• _YOUR GOAL_
Take the entries below and print only the lines from the one with "Tiene ese aire" through the one with "Figure 2. CAR-Ts", exactly as they stand, both ends included.

• _DATASET CONTENT_
* * * *

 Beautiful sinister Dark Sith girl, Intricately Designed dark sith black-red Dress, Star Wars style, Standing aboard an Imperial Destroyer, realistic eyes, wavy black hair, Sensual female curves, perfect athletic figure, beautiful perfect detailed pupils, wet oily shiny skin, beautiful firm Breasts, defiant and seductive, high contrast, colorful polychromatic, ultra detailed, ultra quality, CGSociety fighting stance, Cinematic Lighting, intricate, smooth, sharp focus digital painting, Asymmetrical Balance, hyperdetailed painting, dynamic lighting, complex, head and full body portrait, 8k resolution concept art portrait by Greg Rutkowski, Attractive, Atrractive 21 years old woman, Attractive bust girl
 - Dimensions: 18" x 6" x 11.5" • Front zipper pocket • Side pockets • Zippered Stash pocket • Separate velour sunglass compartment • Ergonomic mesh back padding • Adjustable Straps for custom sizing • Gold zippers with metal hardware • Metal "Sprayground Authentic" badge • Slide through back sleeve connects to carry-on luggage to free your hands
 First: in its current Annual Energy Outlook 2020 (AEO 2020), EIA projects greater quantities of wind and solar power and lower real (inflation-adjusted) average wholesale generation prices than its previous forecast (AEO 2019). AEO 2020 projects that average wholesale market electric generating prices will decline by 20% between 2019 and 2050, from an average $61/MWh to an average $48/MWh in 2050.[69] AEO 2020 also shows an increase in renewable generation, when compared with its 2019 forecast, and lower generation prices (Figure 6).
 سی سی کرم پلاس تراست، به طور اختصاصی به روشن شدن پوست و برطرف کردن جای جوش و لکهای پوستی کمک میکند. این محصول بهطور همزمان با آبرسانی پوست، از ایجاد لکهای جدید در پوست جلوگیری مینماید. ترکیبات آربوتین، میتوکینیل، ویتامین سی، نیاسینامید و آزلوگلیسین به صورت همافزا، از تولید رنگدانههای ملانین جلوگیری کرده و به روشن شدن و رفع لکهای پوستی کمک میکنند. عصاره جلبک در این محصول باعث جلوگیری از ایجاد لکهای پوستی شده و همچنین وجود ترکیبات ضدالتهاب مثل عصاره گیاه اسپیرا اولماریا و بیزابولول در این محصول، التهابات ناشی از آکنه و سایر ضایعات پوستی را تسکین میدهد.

* * * *

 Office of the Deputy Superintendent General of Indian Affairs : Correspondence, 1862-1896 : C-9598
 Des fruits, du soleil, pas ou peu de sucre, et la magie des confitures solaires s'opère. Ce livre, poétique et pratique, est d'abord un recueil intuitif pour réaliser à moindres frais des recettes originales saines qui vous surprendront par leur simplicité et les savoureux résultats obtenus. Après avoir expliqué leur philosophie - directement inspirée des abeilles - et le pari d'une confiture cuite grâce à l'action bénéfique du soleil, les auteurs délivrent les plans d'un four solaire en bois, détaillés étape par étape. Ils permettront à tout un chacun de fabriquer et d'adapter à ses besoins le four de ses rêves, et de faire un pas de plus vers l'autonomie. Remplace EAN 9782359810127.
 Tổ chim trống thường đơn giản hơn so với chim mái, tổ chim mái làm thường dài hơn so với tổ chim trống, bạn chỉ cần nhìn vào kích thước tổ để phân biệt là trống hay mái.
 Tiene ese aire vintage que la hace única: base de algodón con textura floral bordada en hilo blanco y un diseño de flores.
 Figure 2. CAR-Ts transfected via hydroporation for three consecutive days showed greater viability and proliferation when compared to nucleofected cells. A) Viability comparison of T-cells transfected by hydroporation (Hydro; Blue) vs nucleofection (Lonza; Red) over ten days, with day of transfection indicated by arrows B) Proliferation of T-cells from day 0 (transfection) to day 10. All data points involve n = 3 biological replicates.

* * * *

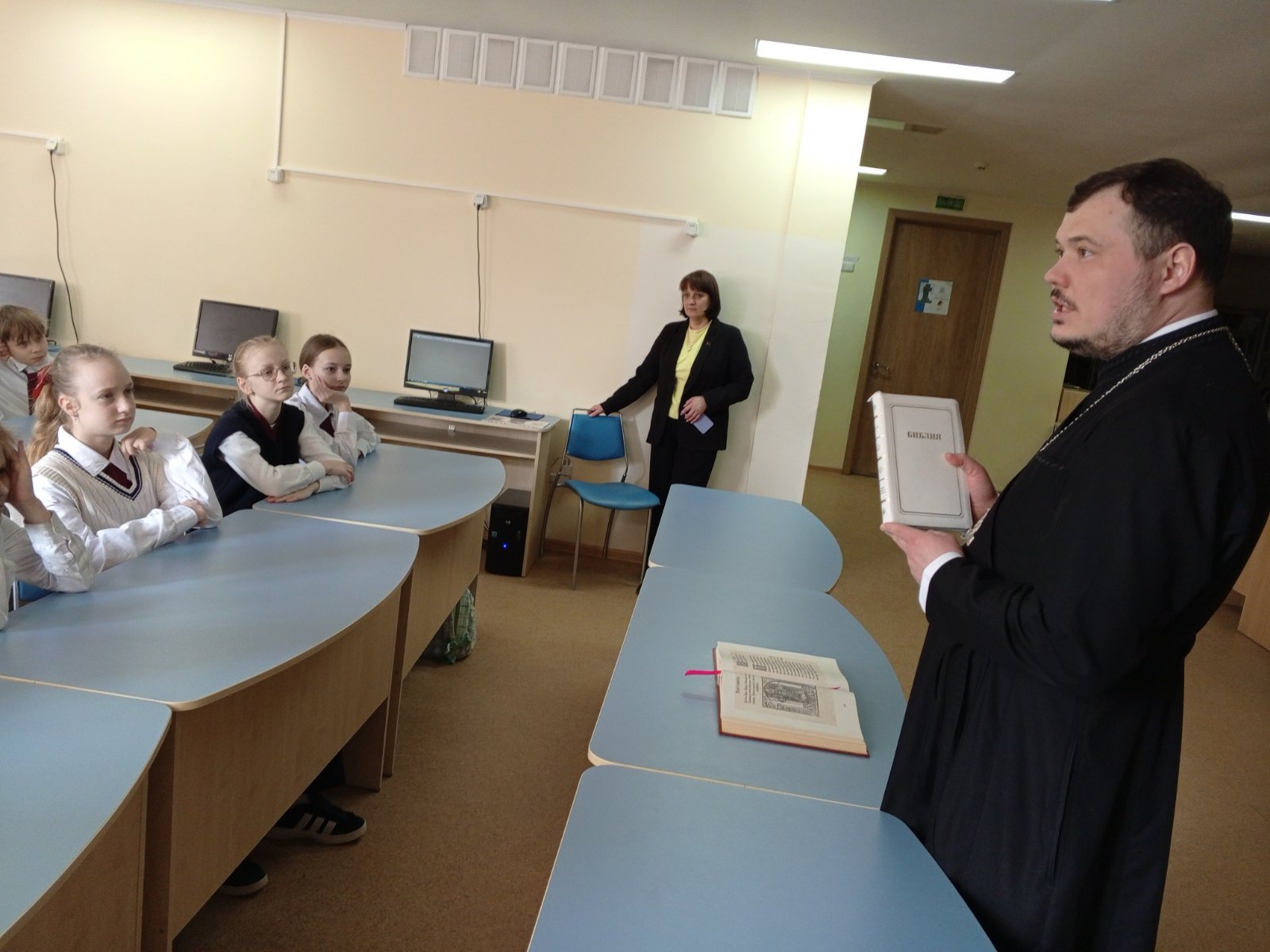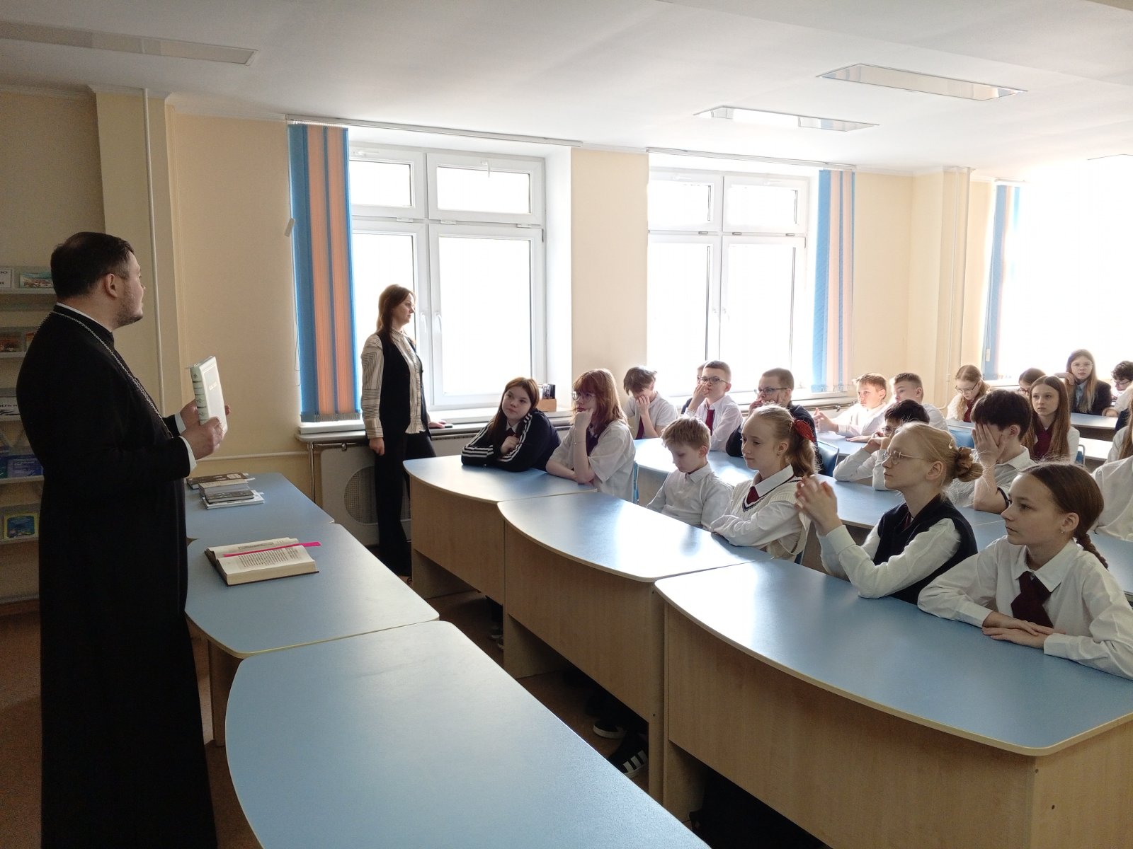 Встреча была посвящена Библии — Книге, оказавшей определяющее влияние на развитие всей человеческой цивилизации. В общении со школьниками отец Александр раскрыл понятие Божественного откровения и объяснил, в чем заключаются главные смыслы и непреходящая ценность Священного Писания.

* * * *

• _RESPONSE_
 Tiene ese aire vintage que la hace única: base de algodón con textura floral bordada en hilo blanco y un diseño de flores.
 Figure 2. CAR-Ts transfected via hydroporation for three consecutive days showed greater viability and proliferation when compared to nucleofected cells. A) Viability comparison of T-cells transfected by hydroporation (Hydro; Blue) vs nucleofection (Lonza; Red) over ten days, with day of transfection indicated by arrows B) Proliferation of T-cells from day 0 (transfection) to day 10. All data points involve n = 3 biological replicates.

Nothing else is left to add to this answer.